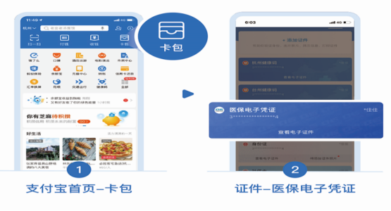医保电子凭证可以通过国家医保服务平台APP、内蒙古医保APP、微信、支付宝、银行、云闪付等由国家医保局认证授权的第三方渠道激活使用。医保电子凭证申请过程十分简单,我们以支付宝为例,仅需三步:
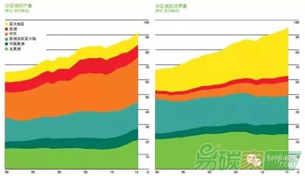 (石油分區(qū)域產(chǎn)量和消費(fèi)量變化趨勢(shì))
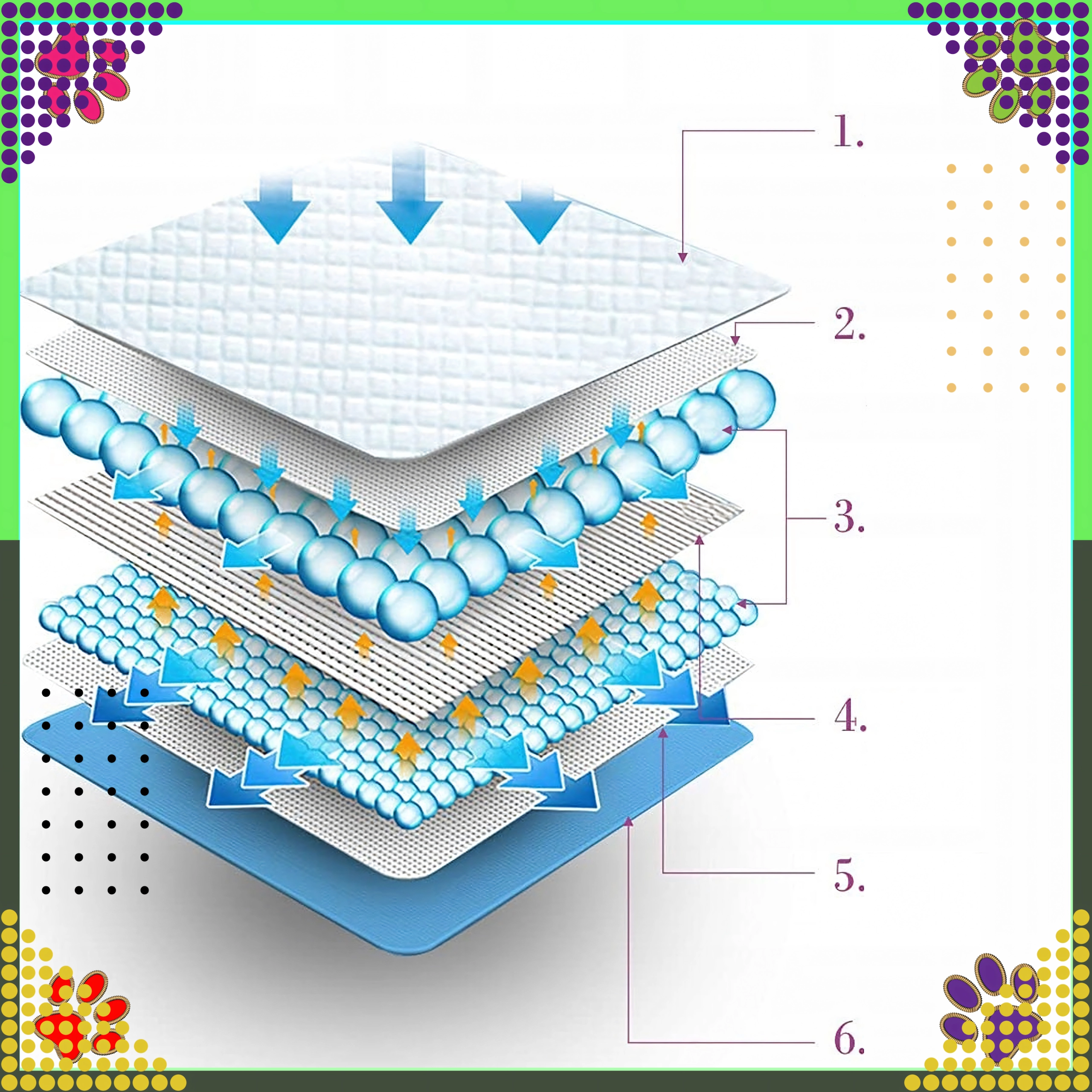 Sześciowarstwowa konstrukcja szybko rozprowadza i zatrzymuje płyn, dzięki czemu powierzchnia pozostaje sucha i czysta, a spodnia warstwa nie przepuszcza wilgoci na podłogę.
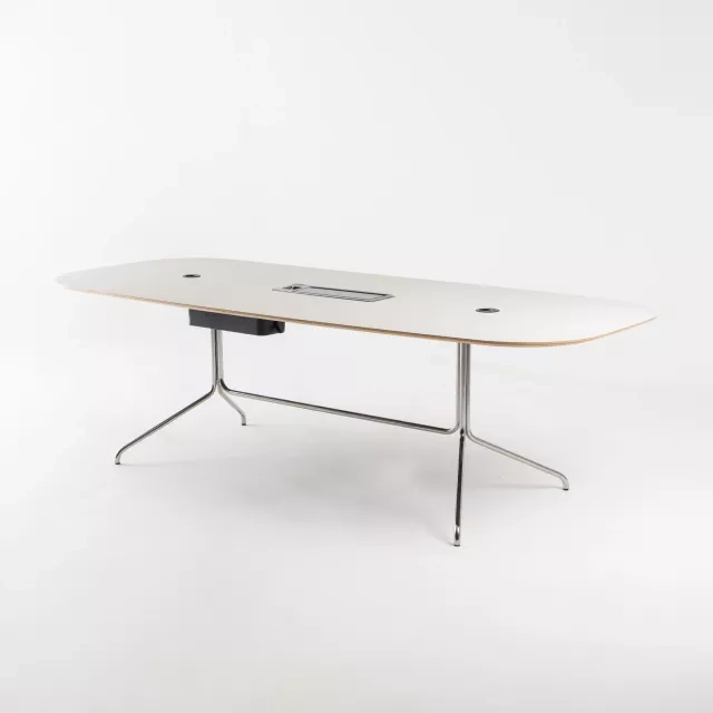Konferensbordet Bond från Offecct, designat av Jean-Marie Massaud, utgör ett sofistikerat tillskott i varje modern kontorsmiljö. Bordsskivan i Forbo Desktop Vapour med plywoodkärna erbjuder både slitstyrka och samtida stil. Utrustad med strömbox och strömdots, möjliggör det smidig uppkoppling och funktionalitet för alla mötesbehov.
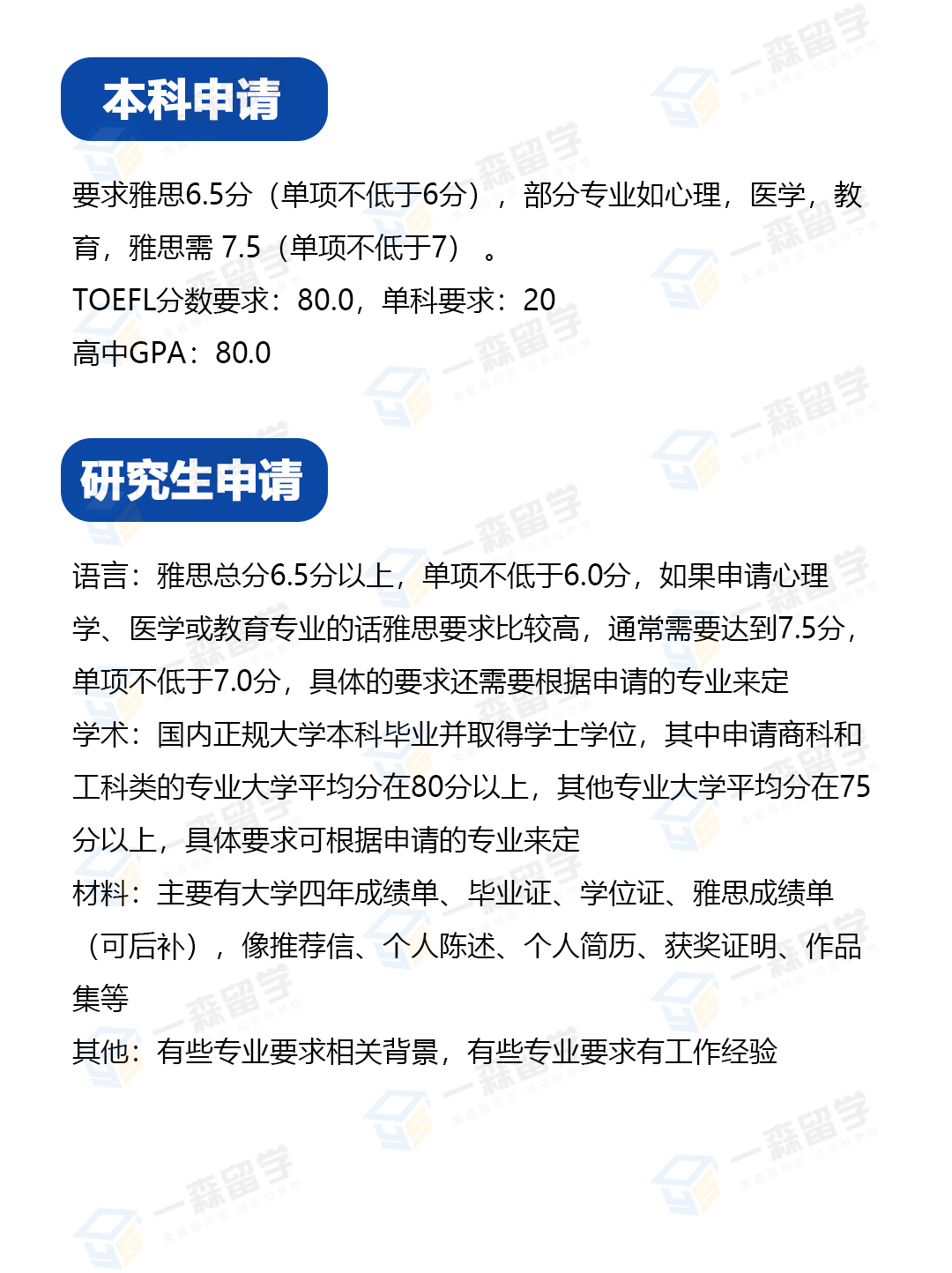 本科申请 要求雅思6.5分(单项不低于6分),部分专业如心理,医学,教育,雅思需 7.5(单项不低于7) TOEFL分数要求:80.0,单科要求:20 高中GPA:80.0 研究生申请 语言:雅思总分6.5分以上,单项不低于6.0分,如果申请心理学、医学或教育专业的话雅思要求比较高,通常需要达到7.5分,单项不低于7.0分,具体的要求还需要根据申请的专业来定 学术:国内正规大学本科毕业并取得学士学位,其中申请商科和工科类的专业大学平均分在80分以上,其他专业大学平均分在75分以上,具体要求可根据申请的专业来定 材料:主要有大学四年成绩单、毕业证、学位证、雅思成绩单(可后补),像推荐信、个人陈述、个人简历、获奖证明、作品集等 其他:有些专业要求相关背景,有些专业要求有工作经验
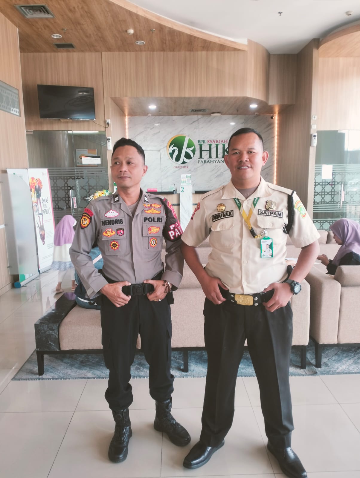 Dalam kegiatan tersebut, Aiptu Hendris Cecep berdialog langsung dengan petugas satpam yang berjaga di lingkungan bank. Suasana komunikasi berlangsung santai namun tetap fokus pada pembahasan keamanan.
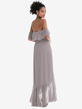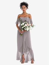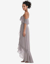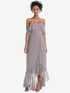 【NEW】【STYLE: TH039】オフショルダー フリル 高 低 マキシ ドレス【COLOR: Cashmere Gray】【SIZE: 00-30W】
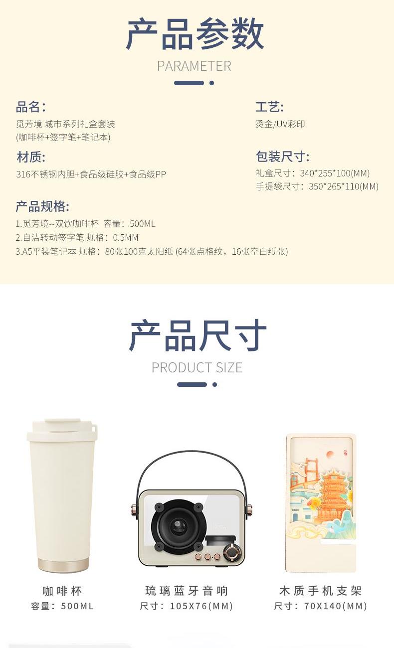 1.觅芳境--双饮咖啡杯 容量:500ml 内胆:316 外壳:304 杯盖:食品级PP 吸管:食品级硅胶 吸嘴:食品级PP 密封圈:食品级硅胶 2.自洁转动签字笔 规格:0.5mm 3.A5平装笔记本 规格:80张100克太阳纸 (64张点格纹,16张空白纸张) 礼盒尺寸:340*255*100(MM) 手提袋尺寸:350*265*110(MM)
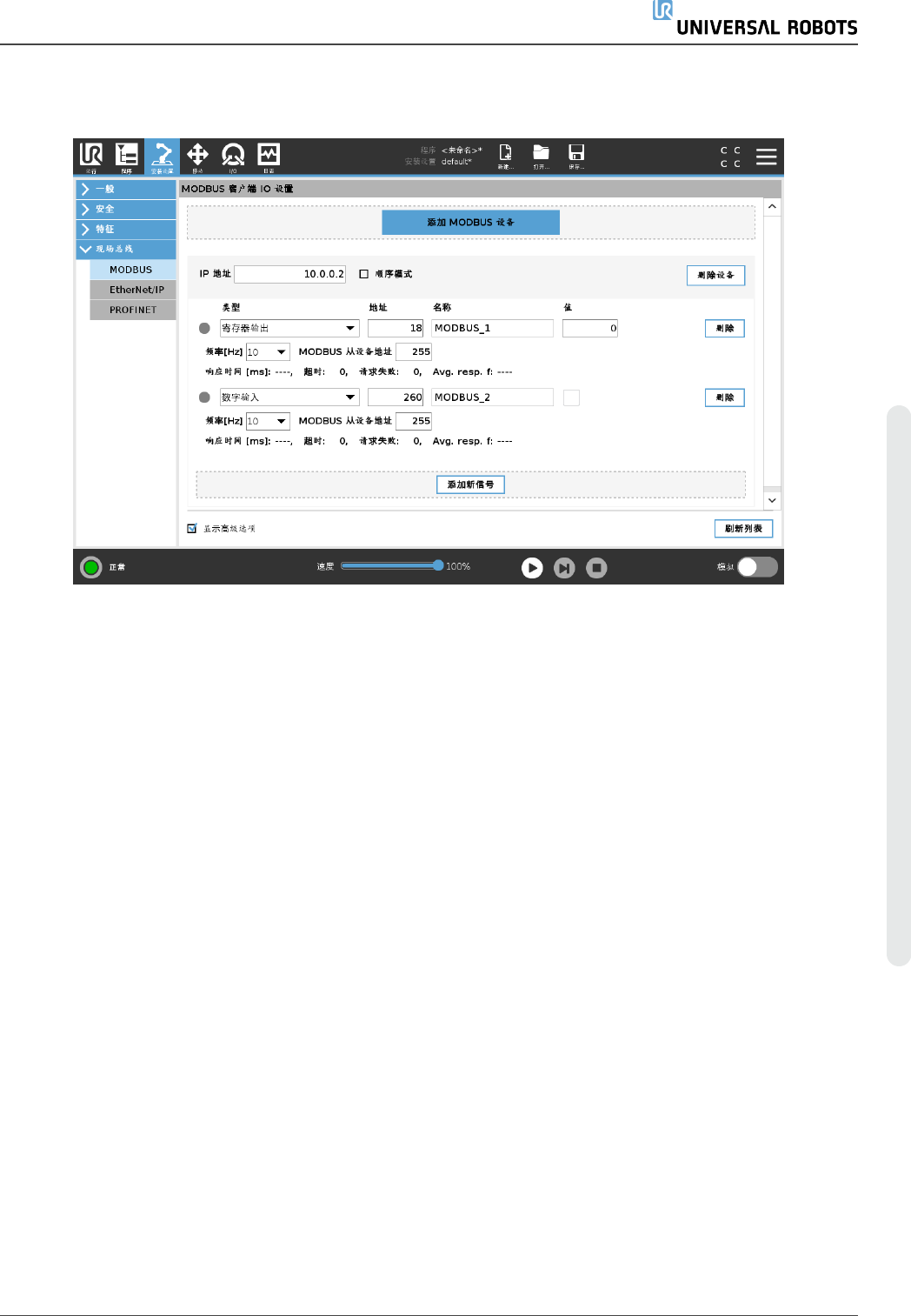 此处可设置 MODBUS 客户端( 主) 信号。可由输入/输出信号( 寄存器或数字) 创建与指定 IP 地
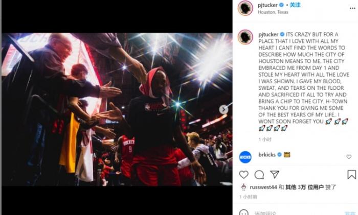 来源:直播车03-19 15:52直播车3月19日讯 ,之前完成交易的PJ塔克正式前往密尔沃基,昨日他在个人社媒上发长文感慨火箭时光,感谢老东家给自己的一切!
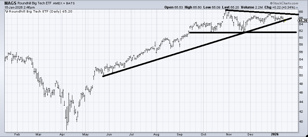 The chart of Roundhill Magnificent Seven ETF (MAGS) , an ETF to be long Big Cap Tech looks pretty similar to the QQQs. There is some support here, but a break here and I think that lower line ($62-ish) comes into play.
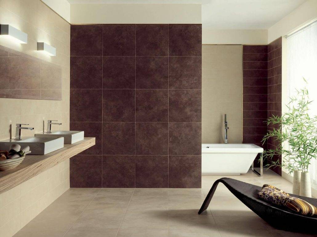 Если обычные технологии позволили получить форматы максимум 0,60 х 1,20 / 0,80 х 0,80 м, технология ламинирования позволяет получать крупные керамогранитные плитки, которые придают благородство камню при оформлении ванной комнаты.
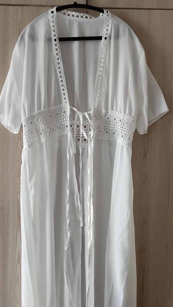 Белая пляжная туника или "халатик" 🤗, как кому нравится 😊. ☘️ Доставка обычная, 1,5 месяца. ☘️ Качество на твёрдую четверку. Ткань синтетика очень , сильно "липнет" к телу, без антистатика не обойтись😬. ☘️ Фото и описанию соответствует. Сшито достаточно аккуратно, немного маломерит. ☘️ XXXL подойдёт на российский 46 р. Но это для тех кто любит, чтобы вещь сидела более свободно ☘️ На мои параметры туника села в притык, для меня не очень комфортно,но не критично ОГ 103 см ОТ 87 см ОБ 112 см Спасибо продавцу К покупке рекомендую ..
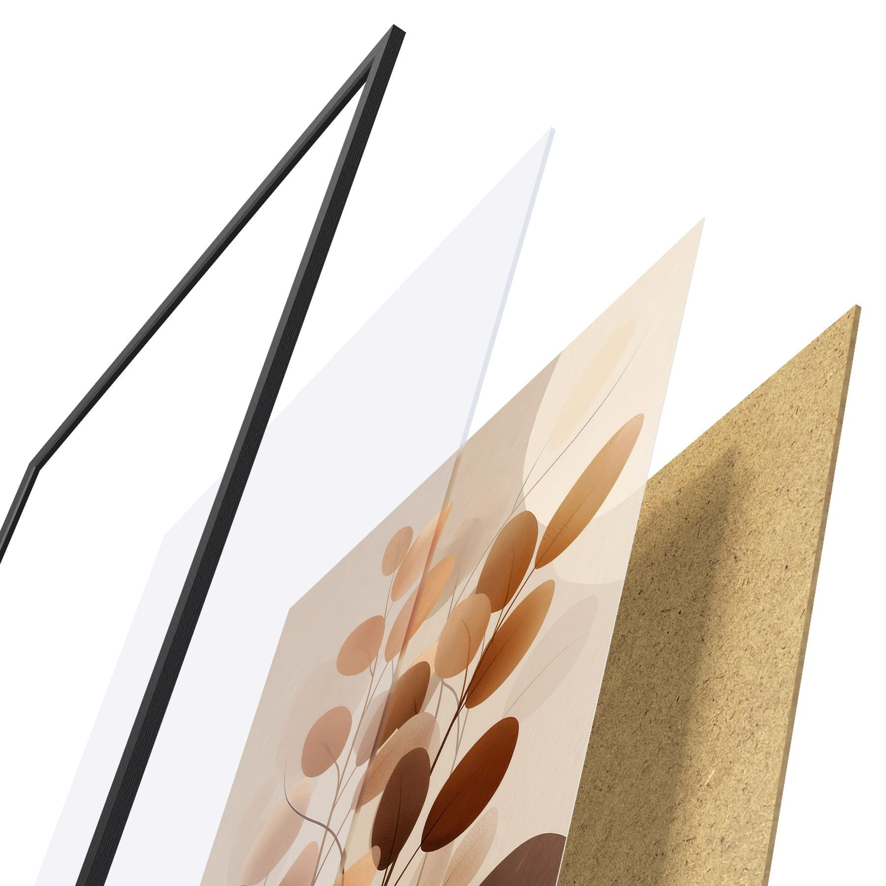 Das Poster besteht aus einem Rahmen, Plexiglas, einem gedruckten Bild und einer Rückwand aus Spanplatten. Dank der Halterungen auf der Rückseite kann das Poster sofort an die Wand gehängt werden.

> _Task prompt_: Reproduce the lines from the line with "The chart of" through the last line of the entries exactly, including both ends and excluding pictures.

> _Solution to this task_:
 The chart of Roundhill Magnificent Seven ETF (MAGS) , an ETF to be long Big Cap Tech looks pretty similar to the QQQs. There is some support here, but a break here and I think that lower line ($62-ish) comes into play.
 Если обычные технологии позволили получить форматы максимум 0,60 х 1,20 / 0,80 х 0,80 м, технология ламинирования позволяет получать крупные керамогранитные плитки, которые придают благородство камню при оформлении ванной комнаты.
 Белая пляжная туника или "халатик" 🤗, как кому нравится 😊. ☘️ Доставка обычная, 1,5 месяца. ☘️ Качество на твёрдую четверку. Ткань синтетика очень , сильно "липнет" к телу, без антистатика не обойтись😬. ☘️ Фото и описанию соответствует. Сшито достаточно аккуратно, немного маломерит. ☘️ XXXL подойдёт на российский 46 р. Но это для тех кто любит, чтобы вещь сидела более свободно ☘️ На мои параметры туника села в притык, для меня не очень комфортно,но не критично ОГ 103 см ОТ 87 см ОБ 112 см Спасибо продавцу К покупке рекомендую ..
 Das Poster besteht aus einem Rahmen, Plexiglas, einem gedruckten Bild und einer Rückwand aus Spanplatten. Dank der Halterungen auf der Rückseite kann das Poster sofort an die Wand gehängt werden.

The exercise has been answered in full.